→ **Task brief**
Copy, word for word, the lines of the listing below from the line with "GIACCHINA IN LANA" up to and including the line with "雨花区深刻领会,迅速部署。2". Drop the pictures.

→ **Source material**
::::
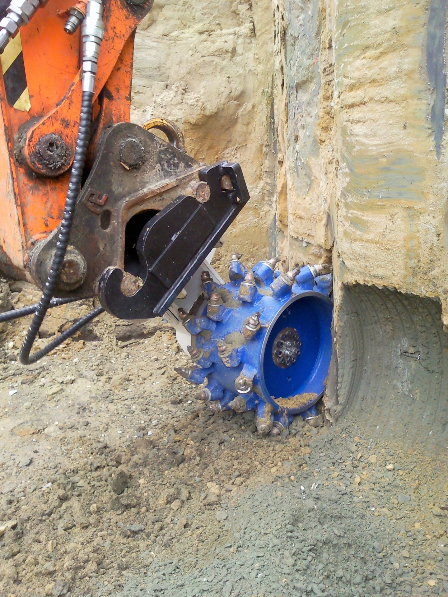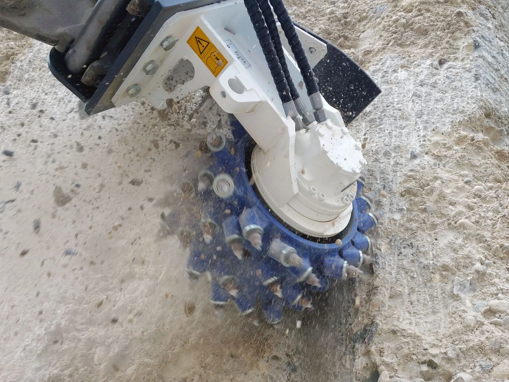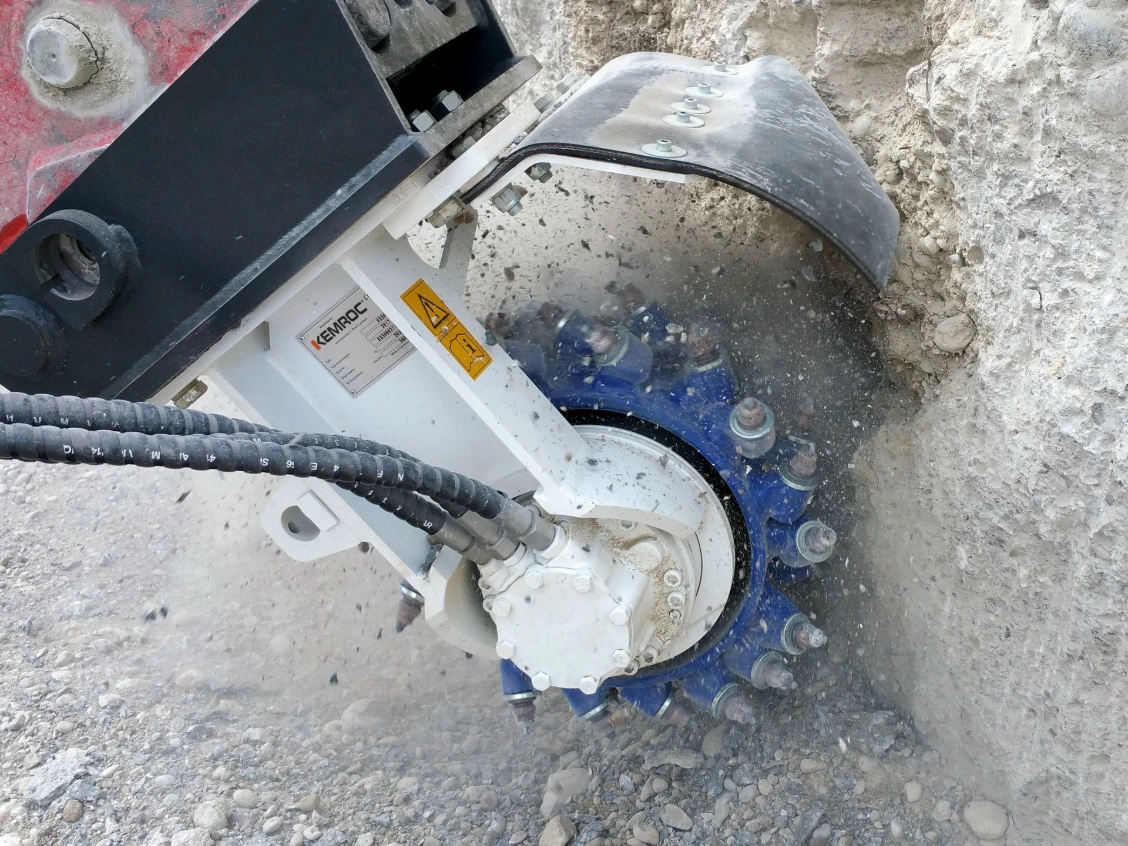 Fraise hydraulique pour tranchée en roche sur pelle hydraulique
::::
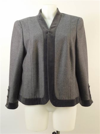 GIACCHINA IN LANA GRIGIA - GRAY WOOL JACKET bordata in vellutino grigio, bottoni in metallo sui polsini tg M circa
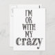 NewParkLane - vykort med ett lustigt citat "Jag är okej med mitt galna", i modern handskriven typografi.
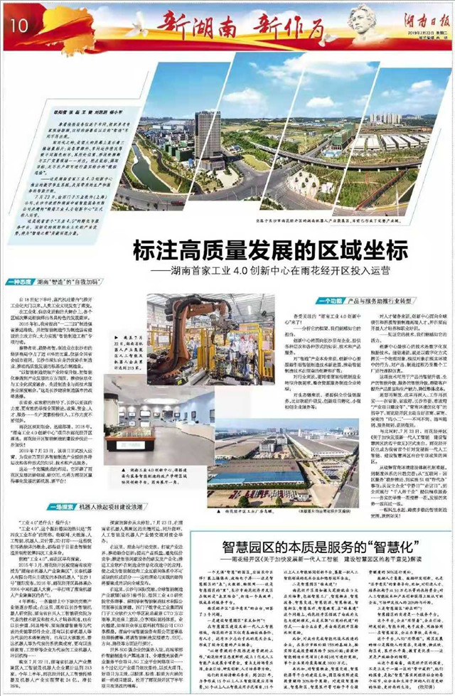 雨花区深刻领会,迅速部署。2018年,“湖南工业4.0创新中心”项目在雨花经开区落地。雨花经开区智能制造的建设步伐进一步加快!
::::
→ **Your solution**
 GIACCHINA IN LANA GRIGIA - GRAY WOOL JACKET bordata in vellutino grigio, bottoni in metallo sui polsini tg M circa
 NewParkLane - vykort med ett lustigt citat "Jag är okej med mitt galna", i modern handskriven typografi.
 雨花区深刻领会,迅速部署。2018年,“湖南工业4.0创新中心”项目在雨花经开区落地。雨花经开区智能制造的建设步伐进一步加快!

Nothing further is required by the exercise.